14:44 tobijk: pmoreau: oh right, i should read the defines :D
14:44 karolherbst: tobijk: and you should understand the commit messages :p
14:45 tobijk: (skipped that this time) :/
14:45 pmoreau: No worries :-)
14:55 imirkin: karolherbst: seems generally fine, but i'll poke at the encodings a bit, hope you don't mind
14:55 karolherbst: please do
14:55 imirkin: since it's not a perfect match for what the old code was doing, but the old code wasn't 100% used, so who knows
14:55 karolherbst: I didn't test gk110
14:55 karolherbst: well
14:55 imirkin: i have a GK208 here
14:55 karolherbst: the old code tried to be smart about something it shouldn't be in the first place
14:56 imirkin: i just mean that only a handful of actual values were ever passed to the macro
14:56 imirkin: but the emitter handled all kinds of junk
14:56 karolherbst: I know
14:56 imirkin: so ... i just want to play around with the opcode ;)
14:56 karolherbst: yeah
14:56 imirkin: i suspect you covered it, but since it's not actively fixing anything, doesn't seem as urgent
14:56 karolherbst: just keep in mind, that the old code produced equlivalent instructions for (0, 0, 3) and (1, 1, 0)
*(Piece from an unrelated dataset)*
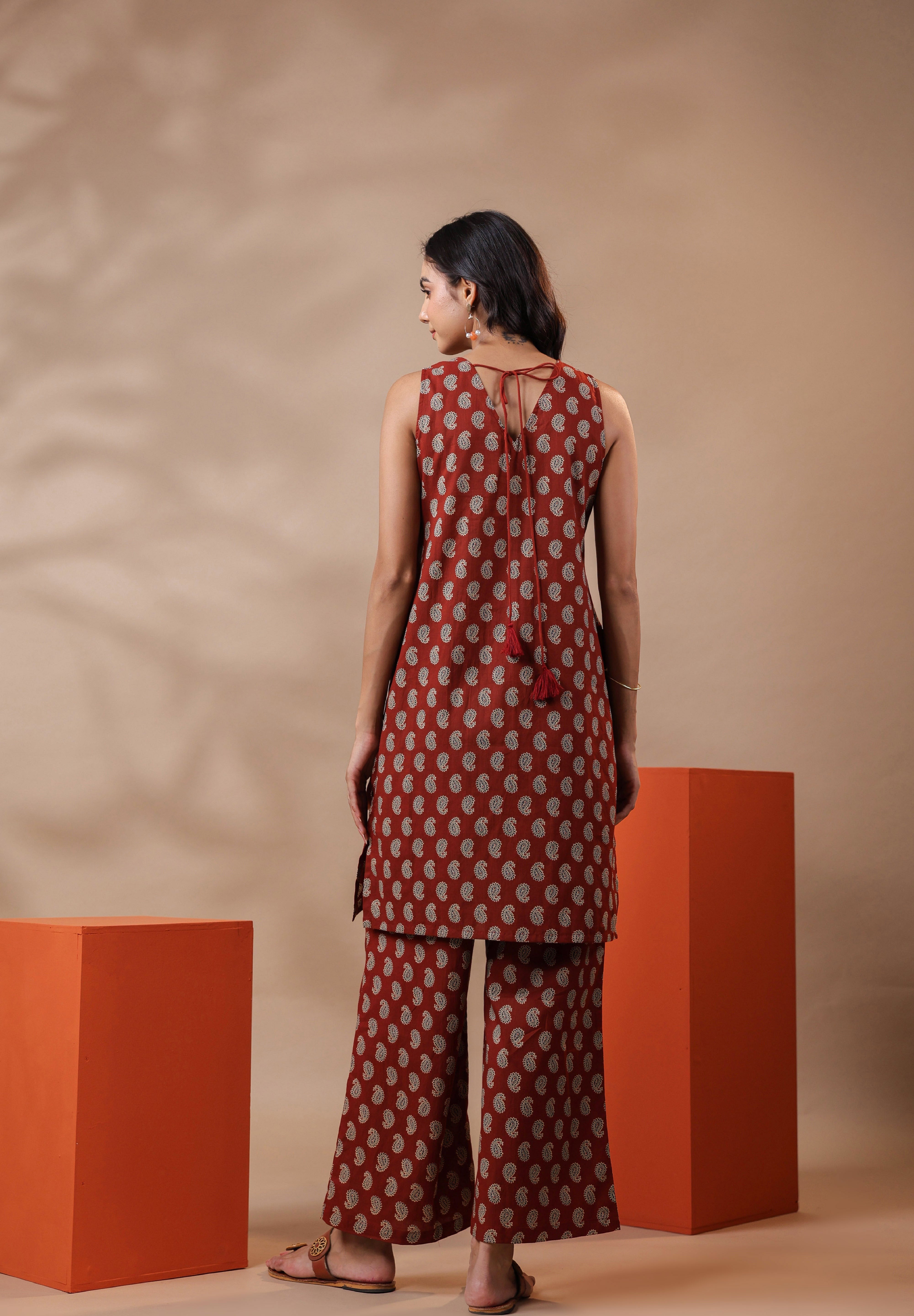Maroon Printed Cotton Kurta & Pants Set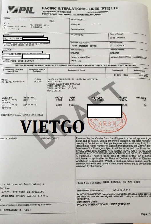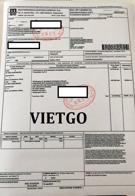 VIETGO xin gửi tới quý doanh nghiệp Vận Đơn (Bill of Lading) – Chứng từ nhập khẩu mà chỉ có doanh nghiệp đã từng giao dịch thành công mới có, để quý vị có thể tin tưởng bà là vị khách tiềm năng và có nhiều kinh nghiệm. Dưới đây là đơn hàng nhập khẩu chuối mà công ty của bà đã giao dịch thành công gần đây.

14:57 feep: weird question. is there a way to run a gpu so that it produces maximal heat, but doesn't get damaged? this room is really cold even with the heating on max
14:57 karolherbst: feep: clock to highest and run furmark
14:57 feep: XD this is a laptop tho, so I'm worried it'll hurt itself
14:58 feep: I guess that's rather intrinsic in "as hot as possible"
14:58 karolherbst: well furmark increases the power consumption to 70W here on my GPU
14:58 karolherbst: and it is a laptop one
14:58 karolherbst: 80W is max
15:00 karolherbst: imirkin: well my main intentation was to clean up that code and make it actually usable and understandable. I doubt we will need it that much, but I would prefer the suggested version over the old one
15:01 feep: oh wow yeah, there goes the temperature
15:01 feep: interestingly furmark runs at 11fps on intel, 15fps on nouveau
15:01 karolherbst: slow GPU you have their
15:01 feep: gt 645m
15:01 karolherbst: did you clock to the highest clocks?
15:01 karolherbst: mhh
15:02 feep: and yeah it's at 0xf
15:02 feep: core 708 mem 1800
15:02 karolherbst: feep: the sptate file should specify higher clocks, right?
15:02 feep: though that's with a lightly patched kernel, otherwise it won't run at all
15:02 feep: karolherbst: AC: core 708 MHz memory 1800 MHz
15:02 feep: that's the max listed, both in pstate and by the vendor
15:02 karolherbst: ahh
15:02 karolherbst: then your GPU has no boost entries I guess
15:03 karolherbst: except you boot with nouveau.config=NvBoost=2 already
15:03 feep: yep
15:03 feep: the vendor also lists no boost
15:03 karolherbst: okay
15:03 karolherbst: and if the 0f line also says 708, then it should be the max
15:03 feep: yeah
15:04 feep: this is on 4.14.1, mesa 17.3, using PRIME offloading
15:04 feep: and it does push temp up to 80°C, which is okay
15:04 feep: sensors lists "high" as 95, so I feel like this gpu is still being underutilized
15:05 feep: though 80 is probably pretty sustainable for heating
15:11 feep: 443 points nouveau, 292 points intel
15:12 karolherbst: feep: furmark is highly a memory constraint benchmark and because your GPU has only DDR3 there isn't much of a difference
15:12 feep: ah, that makes sense.
15:13 karolherbst: feep: I am sure if you clock to 0a, you get a big perf impact
15:13 feep: XD
15:13 feep: I mean sure
15:13 karolherbst: well
15:13 feep: btw, any news on the ~mysterious~ 0x0f entry
15:15 feep: (to recap: my timing mapping table has a 0x0f entry in the second row (ramcfg=1), first column; however, the timing table only has twelve entries, and only six are not zeroes
15:15 feep: )
15:16 feep: if I just skip the weird timing mapping table entry, everything works fine
15:17 karolherbst: feep: well right, we need to take a deeper look at those tables anyway
15:17 karolherbst: it just won't happen any time soon
15:17 feep: ah, fair enough
15:17 feep: think I should write up a placeholder patch?
15:17 karolherbst: maybe we will have some proper things in two or three months
15:17 feep: just so reclocking basically works for now
15:17 karolherbst: feep: won't really help, because you don't know what other cards you might break with it
15:17 feep: that's true. :/
15:17 karolherbst: right and that's the painful part
15:17 feep: config flag?
15:18 feep: NvSkipBadTimingMappingEntries
15:18 karolherbst: might be an idea
15:18 karolherbst: aks skeggsb first though
15:18 feep: tbf, I don't think this is a problem for many people.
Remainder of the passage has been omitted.